Hello fellow Courserians,
I’m Mircea Oculeanu from Bucharest, doing
week 3’s assignment for Coursera’s Introduction to Music Producation.
In the following few minutes I’ll try to
explain the concept and the practicalities of automation in Ableton Live. First
of all, why do we need automation in any D.A.W.
Automation is where you decide a parameter – any parameter – should
follow a certain pattern which – depending on the D.A.W. you use - you can draw this pattern. These automated
patterns of the parameters could lead to immensly creative sounds but there
also used for simple tasks too – let’s say adjusting volume in certain regions
of the audio.
I’ll go back to Ableton now, and try to
demonstrate how it’s done. You basically draw a pattern that Ableton reads and follows
and we are talking about volume for a track but you cand also do the same with
the cutoff in a synthesizer and so on.
I tried to do things as basic as possible
because I read in the forums that many of ‘’us’’ courserians J are really beginners in this beautiful domain – music production -
. So I’ll try to show you the steps to automate the volume envelope of a basic
track.
As you could see, I’ve played a few notes with the keys in my laptop – my midi controller is coming next week J - and.
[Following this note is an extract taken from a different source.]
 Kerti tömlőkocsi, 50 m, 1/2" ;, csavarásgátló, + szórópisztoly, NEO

After pressing Tab I’ve changed into session view because the mixer there is more handy. You have one global recording button in Ableton that you must hit and, while playing those few notes again I’ve modified the volume with its respective fader. Press Tab again to return into arrangement view and you’ll see your automation. A simple and efficient implementation.
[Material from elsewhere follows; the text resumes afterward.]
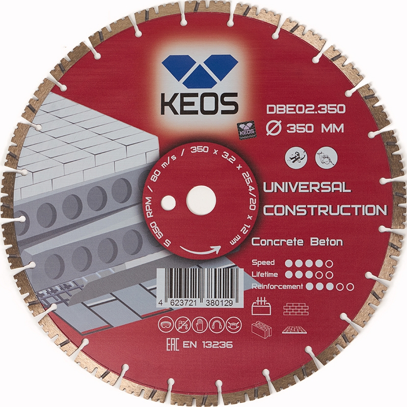 Цена и технические характеристики диска алмазного сегментного Keos Universal Construction 350 мм:

That’s a basic presentation for this kind of operation – the automation – but you must note that you can do this with any knob/ function in the modern D.A.W.’s. You practically make a knob/ function move over time in order to obtain variation in sound, volume, envelope, etc, anything you can imagine. Of course, there are several different implementations of the process. Even in Ableton there’s another way of ‘’drawing’’ an automation that the one I’ve just showed you. In fact instead of using the mouse to draw the volume fader you can do the same thing with one knob from your midi controller. There are certain D.A.W.’s that have separate knobs for recording automation – on every track. Or, you don’t have to record it live – as you’d do on a mixing board but you can simply grab a pencil – the function in the respective D.A.W. – and draw the envelope you want to create. For any of these scenarios you’re left with the possibility to edit anyone of these envelopes later in the process.
Thank you for your time and understanding.